Figure 4. Different types of spatial summation. (A) Spatial convergence in the vertebrate retina occurs in two stages: photoreceptors signals are pooled by bipolar cells (sample unit), which in turn are integrated by retina ganglion cells (RGC), which transmit visual information to the brain. Note that the tiling of RGCs differs from the of bipolar cells, thus resulting in an altered sampling base after spatial summation. (B) In most insects, photoreceptors from one ommatidium of the eye (Figures 2B,C) project as a combined sample unit to a single cartridge in the lamina, where lamina monopolar cells (LMC) integrate their information and relay it to the next brain area. Particularly in nocturnal insects, LMCs with lateral processes that extend into neighboring cartridges can thus pool information across sample units, and perform spatial summation as a result. Note that the tiling of these LMCs corresponds to that of the photoreceptors, so that the spatial sampling base does not change when LMCs sum information in space. (C) The neural superposition eyes of Diptera possess a special organization to integrate information spatially: the photoreceptors in each of their ommatidia view different points in space, as represented here by different colors for photoreceptors in each ommatidium. In neighboring ommatidia, one receptor each views the same point in space (same color code). These receptors project to the same cartridge in the lamina, so that the lamina units represent on “pixel” of the image. This way, light representing this “pixel” is focused by six neighboring facets. Neural summation of information across neighboring sample units takes place by integrating information from the photoreceptors in one ommatidium. (D) The same starlight scene as in Figure 1A viewed through a mouse eye without and (E) with spatial summation. (F) Same moonlit scene as in Figure 3A viewed through a fruitfly eye without and (G) with spatial summation.

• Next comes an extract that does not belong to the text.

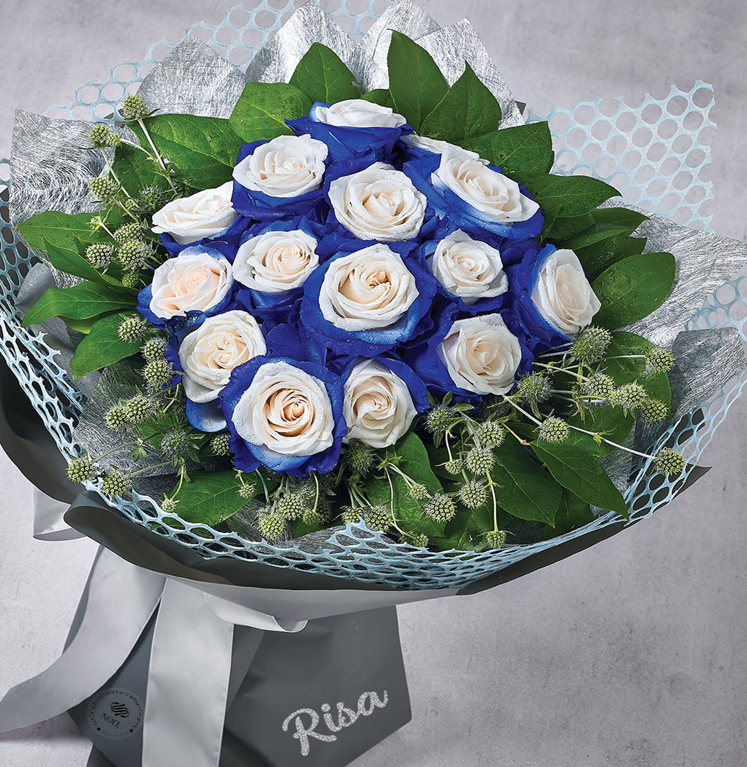 • Bouquet consists of 9 Stalks Blue Edge White Ecuadorian Roses, accompanied by Salal Tip and Eryngium.

As a consequence, when attempting to obtain a realistic impression of an animals’ view of a natural scene, it is vital to consider the functional visual sampling base relevant to the question (and thus the visual pathway) at hand.
Dynamic adjustments of visual sensitivity
In addition to the anatomical adjustments that improve visual sensitivity at night, the dynamic range of the photoreceptors and subsequent neural processing are often adjusted to the ambient light intensity. This is important, because for any given neuron the dynamic range is much smaller than the range of light intensities experienced between day and night (Walcott, 1975). The contrast range of single visual scenes at a given light intensity, however, is generally constrained to one, maximum two log units (Figure 1F), and thus more closely matches the dynamic ranges of visual neurons (at about two orders of magnitude response variation) (Laughlin S., 1981; Laughlin S. B., 1981; Srinivasan et al., 1982; Laughlin, 1989; van Hateren and van der Schaaf, 1996). By dynamically matching the visual responses to the current contrast range, the visual system can encode scenes over the entire intensity range an animal experiences. This so-called light adaptation takes place both at the level of the eyes’ optics, and at several processing stages of the visual pathway.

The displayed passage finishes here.